From what has been shared so far, it does not appear to be a particularly massive update to Google’s core indexation system, it seems to have been more than enough to affect people’s rankings
A website owner by the name of ‘ichtyous’ gave the following account:
“Today my home page traffic starts down 70% at 10am. Google definitely has a beef with my sites home page now; it won’t allow the page to ranks for any of the terms it was ranking well on for a decade.”
“A huge drop in traffic in the first half of the day yesterday, USA, UK and Canada. 2nd half of the day returned to normal. Today a big recovery of top three ranking terms and normal USA, CA, AU traffic, but UK is down by 68%. I am noticing updates almost every Friday, with UK traffic vanishing on weekends and a big dip in “direct” traffic. Also traffic to my home page mysteriously vanishes for half a day on a regular basis. These are all types of traffic throttling, but also there are way more videos and other types of feeds now, so if you aren’t top three you basically get pushed to the end of the page or page two.

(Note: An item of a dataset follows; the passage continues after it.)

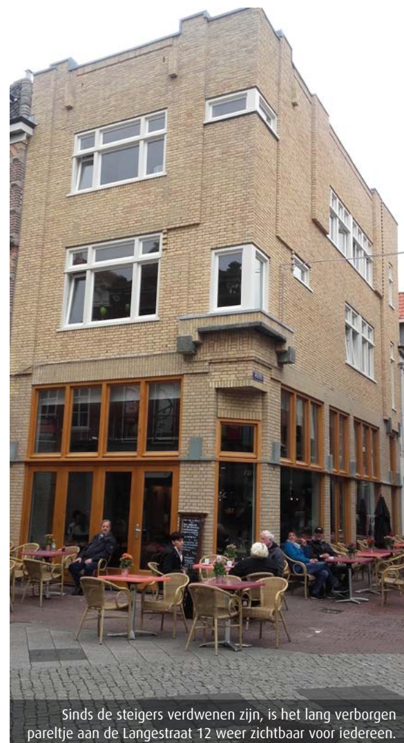
Sinds de steigers verdwenen zijn, is het lang verborgen pareltje aan de Langestraat 12 weer zichtbaar voor iedereen.

directeur Segesta en initiatiefnemer van de restauratie
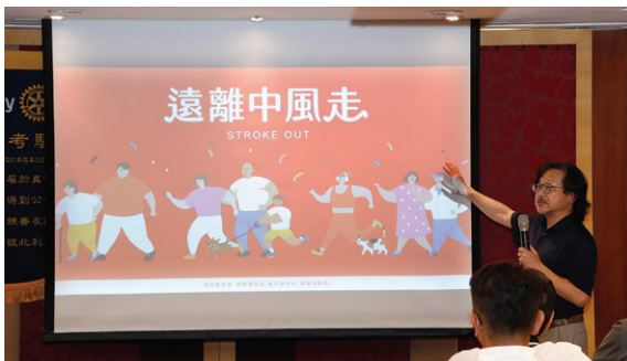
台灣腦中風協會創會理事長 Brins 介紹「遠離中風走」公益活動內容

In general my traffic is as low now as when I started my website in 2003. The volume is less than half of what it was in 2019. Most of that is Google, but also I think that this summer people are not spending on material goods but on getting out, traveling, eating out etc.”
Meanwhile, a user with the creative handle ‘saladtosser’ highlighted the extent to which businesses in the UK may be affected by the update:
“UK traffic is abysmal! Google seems to be hitting technically perfect sites that’s have ranked well for years for ones with *tons* of issues to put it mildly. Maybe G is thinking these great site owners must the money required for ads or have figured they have spent to many years at the top so a sudden drop will force them into ads? I find it hard to believe Google has thought these sites were amazing for years then just said, nope we got it wrong all these years/updates and pulled the plug on them on a single month/update.”
A similar complaint was voiced by ‘lee_sufc’ who said:
“UK market here, too. Some of the results for a few keywords now bring up low-quality sites from the US. I really hope this is a mistake somewhere that gets rolled back!”
It remains to be seen whether Google offers any clarification, but going on past performance it is unlikely we will hear anything revealing anytime soon.